The most famous person with roots in the northeast corner of Slovakia is Andy Warhol, the late pop artist and avant-garde filmmaker whose parents came from the village of Mikova.
The most famous Jews in the area are Franz Kafka, Golda Meir, Albert Einstein.
They are among the 10 Jews in an exhibition of Warhol silkscreen prints, fittingly named “Portraits of Ten Jews,” at the Warhol Family Museum of Modern Art in Medzilaborce, a few miles from Mikova in the Subcarpathian foothills.
The 17-year-old museum, which is preparing for its largest-ever exhibition next week, houses the largest collection of Warhol works outside of Pittsburgh, the artist’s birthplace. The museum has given an economic boost to Medzilaborce, which suffered heavy unemployment after the collapse of communist-era industries in the early 1990s.
Today the museum attracts 17,000 visitors a year, most of them foreigners.

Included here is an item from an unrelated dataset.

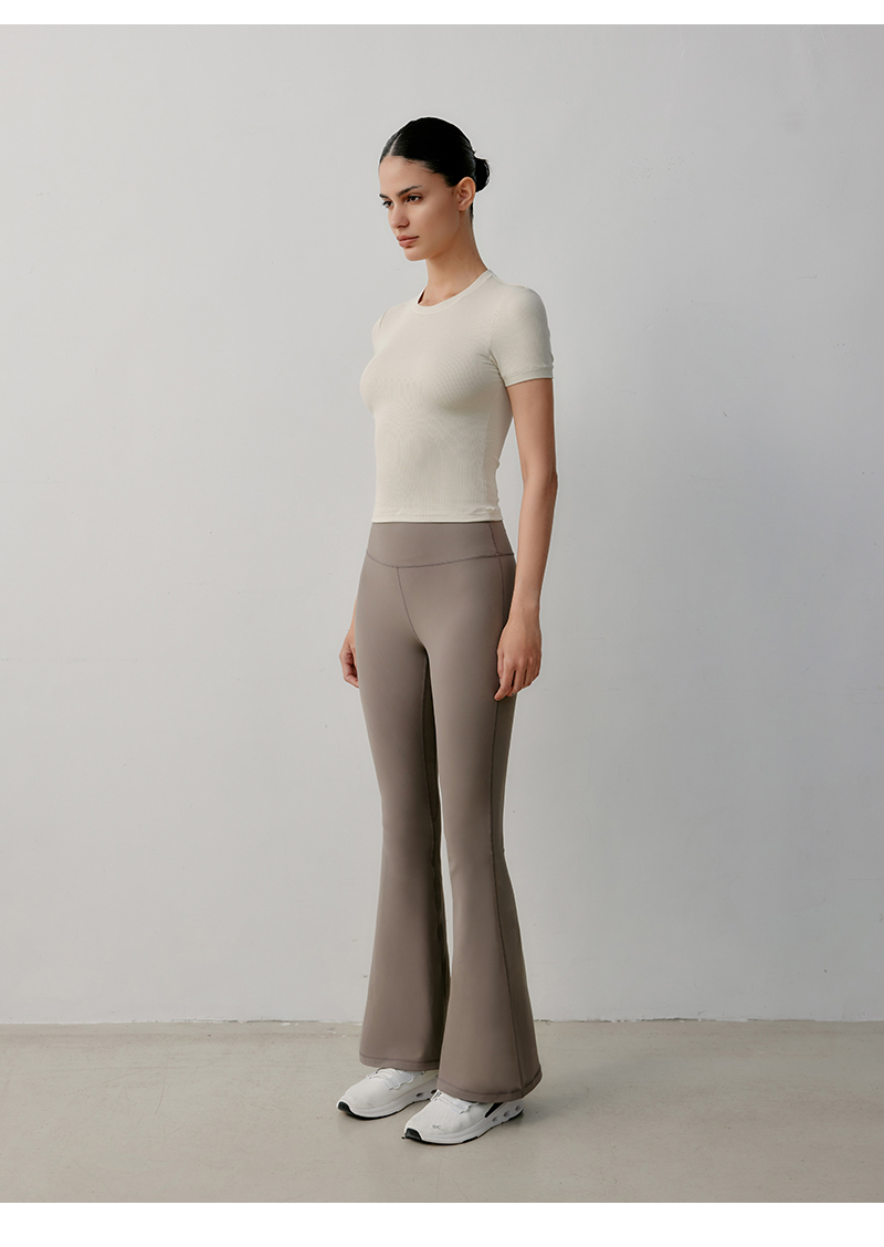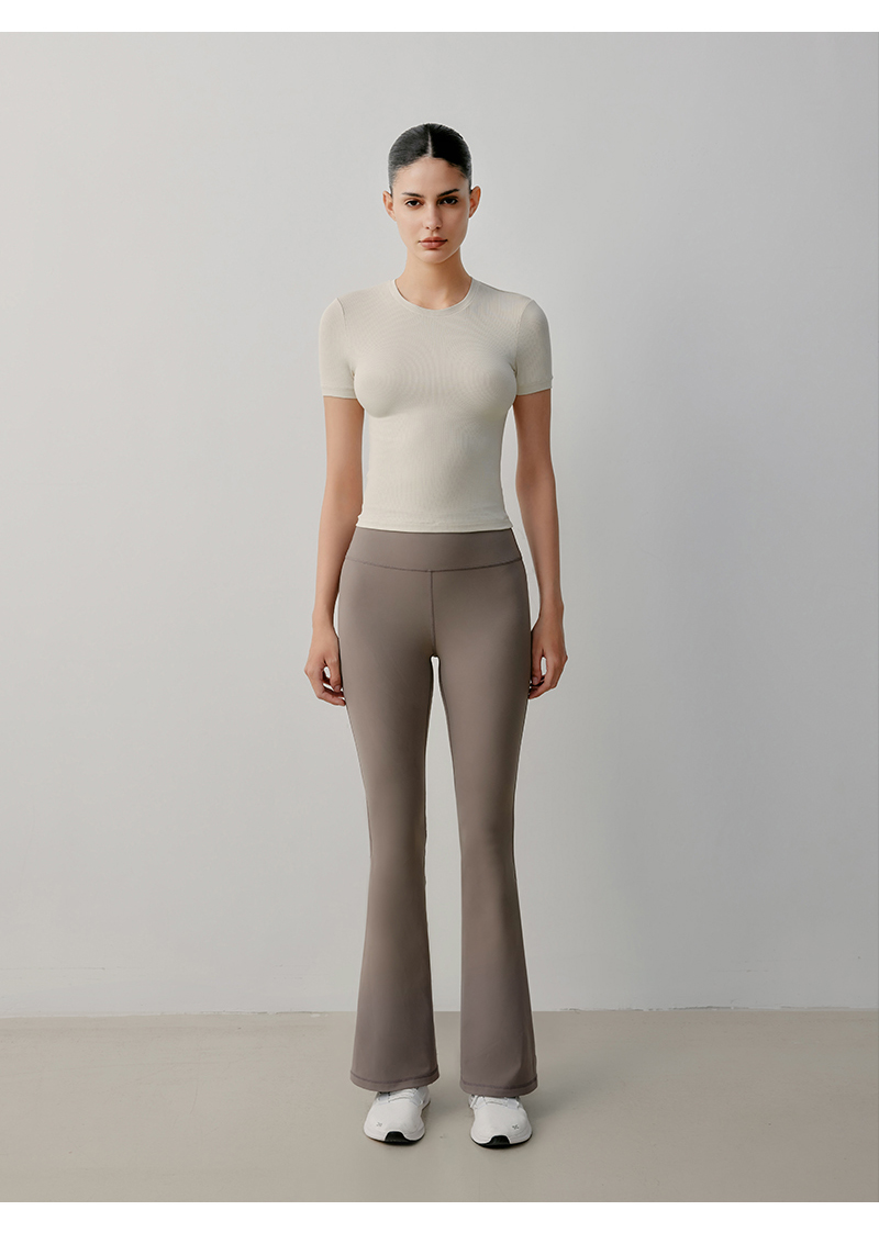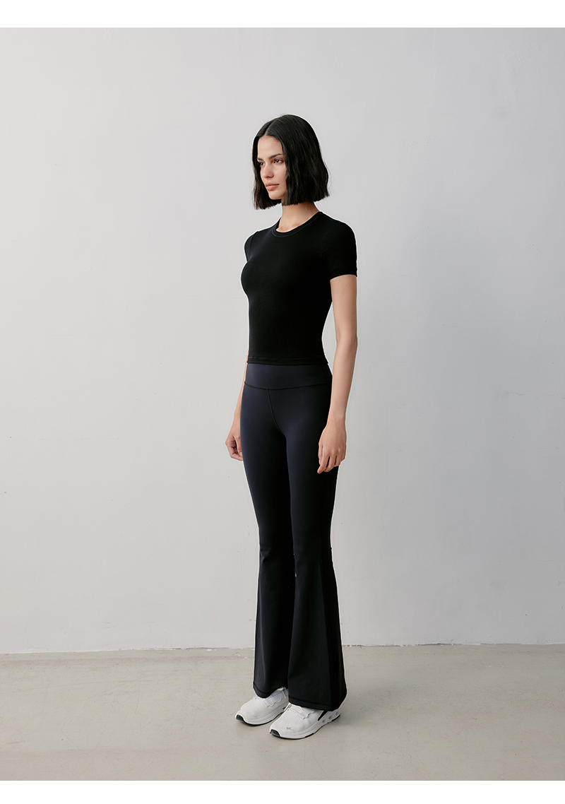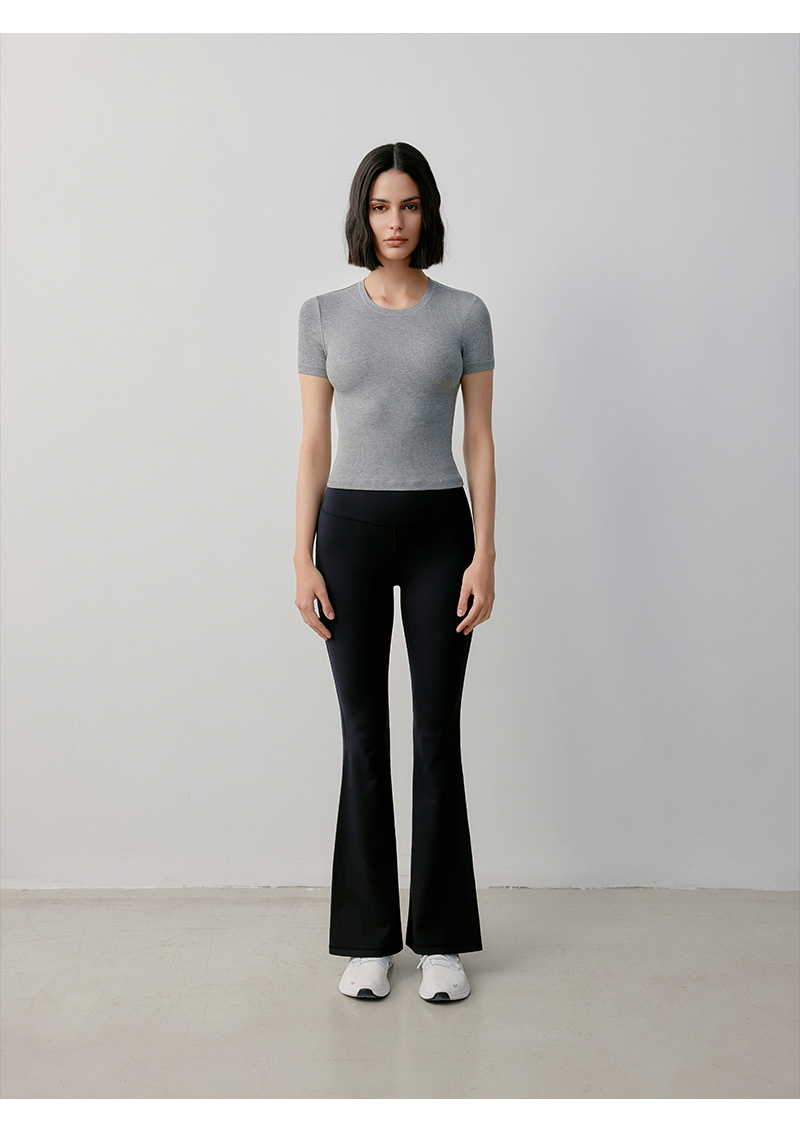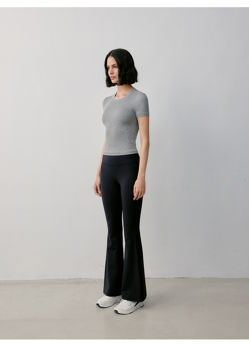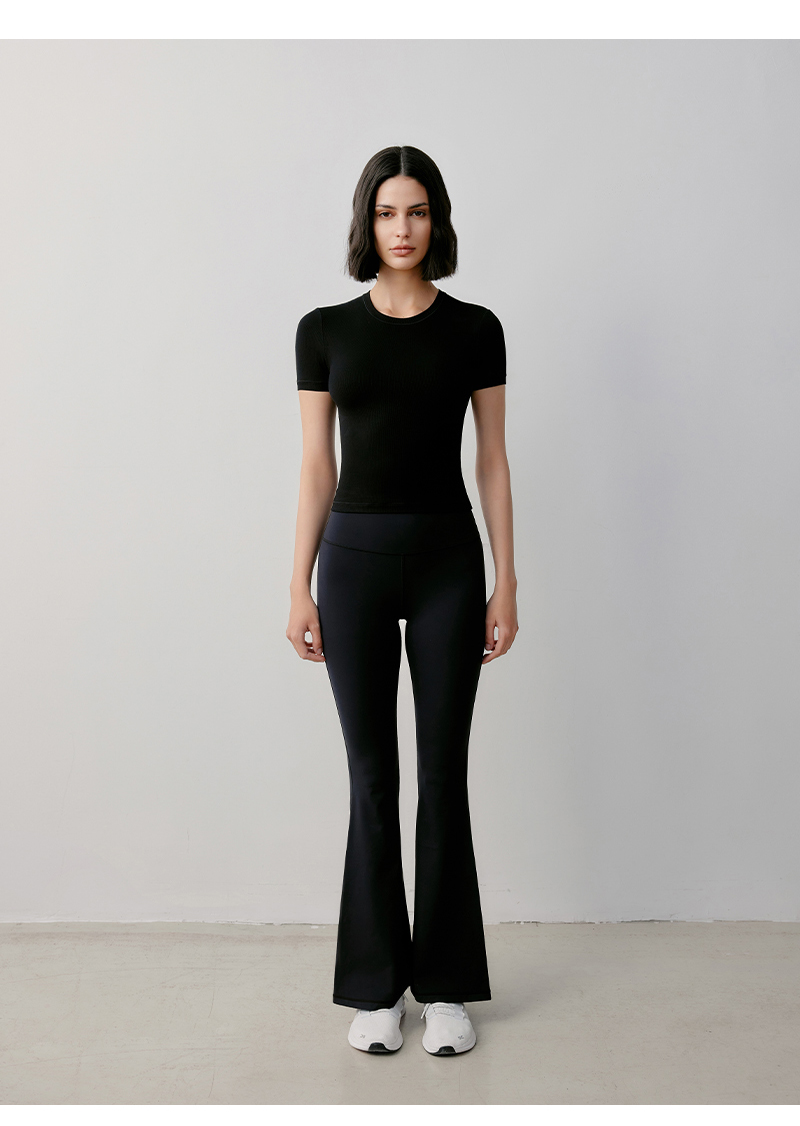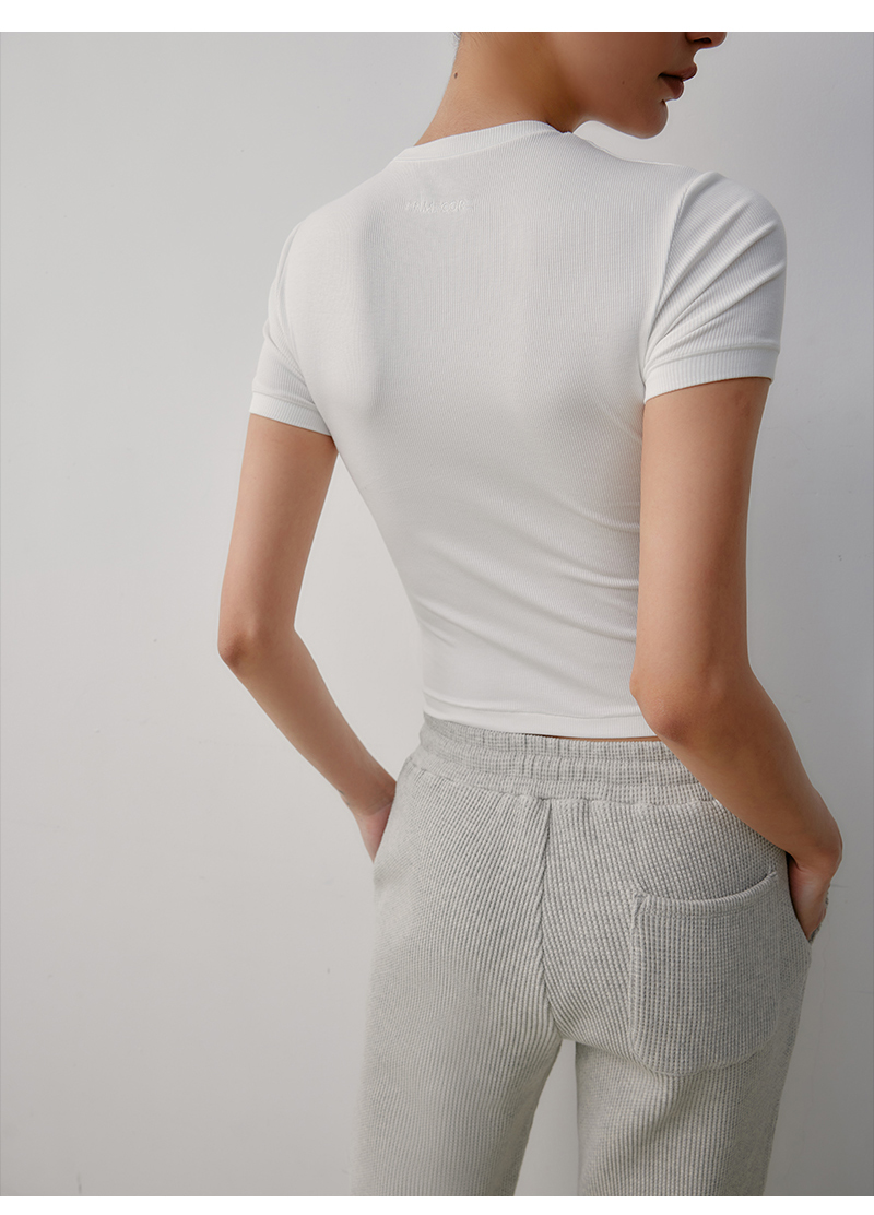 PRIMECORE 紧身t恤女式修身短袖螺纹t恤法式上衣紧身短袖修身打底

Warhol — the family’s original name was Varchola — never set foot in Mikova, and when asked where he came from, would answer, “I am from nowhere.” He died in 1987.
He created the portraits, first shown at New York’s Jewish Museum, of what he called “Jewish geniuses” in 1980, “because I liked the faces.” Other figures in the collection, which has made the rounds of museums around the world, include Louis Brandeis, Gertrude Stein, Sarah Bernhardt, Martin Buber, George Gershwin, Sigmund Freud and the Marx Brothers.
Warhol’s family was Catholic.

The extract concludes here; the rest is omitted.